1. Sadie. 2. This book.

…what, that’s not it?

Adrienne has let Sadie spend the night and Sadie wakes up predictably miserably hungover. At breakfast, Adrienne breaks two big pieces of news.

First, there’s a persistent rumor going around that the drama club won’t do a show at all this year because of the infighting between Established Club Advisor and New Hot Music Teacher.

Second – oh man. Adrienne overheard Nigel asking some senior guys who would be the most likely to “give it up” easily and then settling on Sadie – even though she’s NOT ‘easy’, which is very important for us to know because Sadie is a Good Girl – reasoning that ‘she’s a wallflower and wallflowers are grateful for the attention’. (This is after Lucey is mentioned, because of course Evil Lucey is also sexually promiscuous.)

This part genuinely surprised me, though not in a good way: Sadie doesn’t care. She muses that she “wasn’t prepared to give up on Nigel because of one offhanded comment. We really clicked last night. I knew I wasn’t imagining the chemistry.” The chemistry you had when you were so drunk that you threw up. Yeah, that’s very believable.

And she’s also not upset because her older brother has already given her the low-down that all guys are jerks. I feel the need to quote this entire paragraph because it infuriates me.

“Boys are all jerks, and we’ll do anything you let us do. So you can’t do two stupid things at once, like get drunk at parties and then hook up with guys. Or drink and drive. Or have sex without a condom. You have to be the smart one, and the sober one. So be careful, because guys won’t be, okay?”

And Adrienne’s all, ha ha, your brother is pretty smart! I just – I can’t.

(Note from the future: I KNOW this kind of advice is very common, but it doesn’t make it any better. For one thing, it’s incredibly unfair to the vast majority of guys who are actually good people that you can trust. For another, when you frame men as essentially uncontrollable and move all the onus for being responsible onto women, you’re moving in a bad, victim-blaming direction.

“Oh, don’t exaggerate,” you’re probably saying now. “Sadie’s not actually going to start, say, blaming rape victims for being raped.” Remember this moment, is all I’m saying.)

Then we move onto the topic of Alex.

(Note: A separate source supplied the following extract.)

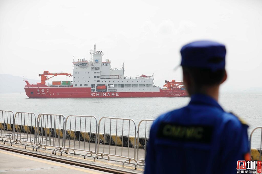 2019年10月13日,蛇口邮轮母港,中国自主建造的首艘极地科考破冰船“雪龙2”号抵达深圳蛇口邮轮母港CR2码头。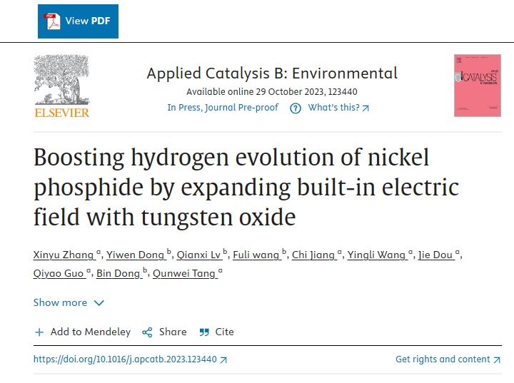 近日,91pro 张鑫宇(学术教授)、唐群委(教授)等人在电催化水分解制氢领域取得最新进展,相关成果以“Boosting hydrogen evolution of nickel phosphide by expanding built-in electric field with tungsten oxide”为题发表在权威期刊Applied Catalysis B: Environmental上(中科院Top一区,影响因子:22.1)。

They’ve been best friends since second grade, and Alex is “not your typical boy” (I am guessing this means he is less of a wild uncontrollable beast, ugh). Sadie says she misses him but they don’t have as much in common now, and Adrienne brings the common sense: “ ‘So you can’t be friends? Because you don’t do the same activities?’ It sounded so stupid when she said it.”

Sadie heads home and whines to her parents until they take her driving (she still has a learner’s permit and needs to log hours). They argue about who should take her, which is apparently weird. Then she starts to feel guilty over being such a jerk to Alex, and tries to talk to him. At first it goes well, but he’s distracted by a phone call by one of Evil Lucey’s Henchgirls and Sadie decides to get revenge by telling him that she’s going to Homecoming with Nigel. Also, within half a page we have both a Muse and an Adam Lambert reference. Good times.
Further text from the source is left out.